In March 2019, at a CNN forum, she said there were “a lot of different pathways” for universal coverage, and that private insurers “could” still have a role. By June, Ms. Warren was more unequivocal, raising her hand at the first presidential debate to endorse doing away with private insurers entirely.

Still, she allowed herself room to maneuver, especially on how the program would be paid for. She repeatedly refused to rule out raising middle-class taxes, saying only that she would lower overall costs. The tension came to a head in a July post-debate interview, when Chris Matthews, pressed her in a live interview on MSNBC to say what would happen to taxes. Over and over, she refused to answer.

By September, the headlines were everywhere: The candidate with a plan for everything did not have one for the issue at the center of the race.
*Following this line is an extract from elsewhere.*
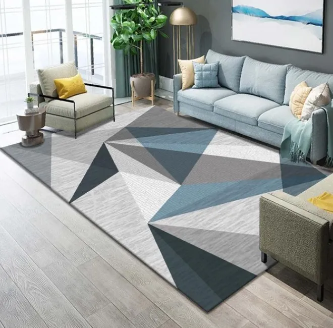 Ковер с абстрактным геометрическим принтом мгновенно преобразит гостиную или спальню.

The tax question became so commonplace that Ms. Warren even got advice from the late-night host Stephen Colbert, who recommended she compare it to taxes for public schools.

Behind the scenes, her team was already pressing to get the senator on firmer rhetorical and financial footing. Two long-serving Warren aides, Jon Donenberg and Bharat Ramamurti, were spearheading the effort to develop a financing plan over the summer, with Mr. Donenberg briefing Ms. Warren on various cost options.

But the plan was not quite cooked yet by the time she stepped on the debate stage in Ohio with a bull’s-eye on her back. She had just caught Mr. Biden in national polling averages for the first time, and staked out a lead in Iowa.

The attacks began almost immediately. First came Mr. Buttigieg. Then Senator Amy Klobuchar (“At least Bernie’s being honest here,” she said). Then Mr. Biden (“On the single most important thing facing the American public,” he said, “I think it’s awfully important to be straightforward with them.”)

From a hotel room thousands of miles away, Donald Berwick, a former federal health care official, had watched it unfold with growing frustration. For six weeks, he had been stealthily working with Ms. Warren’s campaign to develop a comprehensive way to pay for Medicare for all.

“Senator Warren was under tremendous pressure,” Dr. Berwick said. “It was the same question again and again: Where is your plan? Where is your plan? That’s her thing, she has plans.” But he said that he and Simon Johnson, an M.I.T. economist close to Ms. Warren, were not rushed by campaign officials after they began working together at the end of August.

Ms. Warren’s own staff had produced the initial outline of her proposal and began circulating it among a small network of economists and academics, both for input and, eventually, public validation.

“It did kick into a higher gear after the last debate,” said Mark Zandi, chief economist of Moody’s Analytics, whom the campaign has consulted on this and other policy proposals.

The Warren campaign also tipped the progressive group Data for Progress about her proposal; it rushed a poll into the field on Oct. 30 and 31, and released its favorable results on Nov. 1, the same day as Ms. Warren’s plan.

The proposal, which would cost $20. 5 trillion over 10 years, immediately came under attack from Ms. Warren’s rivals, chiefly Mr. Biden, who said “she’s making it up.” His campaign manager recently warned that Medicare for all could cost Democrats the House.

Ms. Jayapal, the Seattle congresswoman whom Ms. Warren called before releasing her plan, said it was a milestone to have a front-runner fully embrace government-provided Medicare for all.

“It was tricky political terrain because it was Bernie’s issue,” said Ms. Jayapal, who has not endorsed a Democratic candidate. “She had to figure out a way to not step on that but also make the issue her own.”

At a campaign event in North Carolina recently, Ms. Warren delivered an emphatic rejoinder to those who said it was misguided and impossible to enact.

“You don’t get what you don’t fight for,” she said.

Less than 30 minutes earlier, Ms. Warren had been asked to list the first three bills she would want to sign into law. Medicare for all did not make the cut.

Jonathan Martin contributed reporting.